What you are asked to do: For the material below, output exactly the span from the line with "A Dapple Grey" to the line with "дан треугольник абс.плоскость", including both, and nothing besides.

Records supplied:
====

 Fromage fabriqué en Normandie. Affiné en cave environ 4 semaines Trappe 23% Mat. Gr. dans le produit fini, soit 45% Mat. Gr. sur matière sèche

====

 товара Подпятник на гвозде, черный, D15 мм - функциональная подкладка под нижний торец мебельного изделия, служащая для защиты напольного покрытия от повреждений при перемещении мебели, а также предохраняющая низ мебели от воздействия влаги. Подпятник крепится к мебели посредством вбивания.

====

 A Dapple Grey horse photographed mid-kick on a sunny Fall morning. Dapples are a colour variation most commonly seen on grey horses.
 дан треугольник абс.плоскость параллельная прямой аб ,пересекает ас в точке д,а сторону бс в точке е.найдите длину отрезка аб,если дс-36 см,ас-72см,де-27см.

====

Completed task:
 A Dapple Grey horse photographed mid-kick on a sunny Fall morning. Dapples are a colour variation most commonly seen on grey horses.
 дан треугольник абс.плоскость параллельная прямой аб ,пересекает ас в точке д,а сторону бс в точке е.найдите длину отрезка аб,если дс-36 см,ас-72см,де-27см.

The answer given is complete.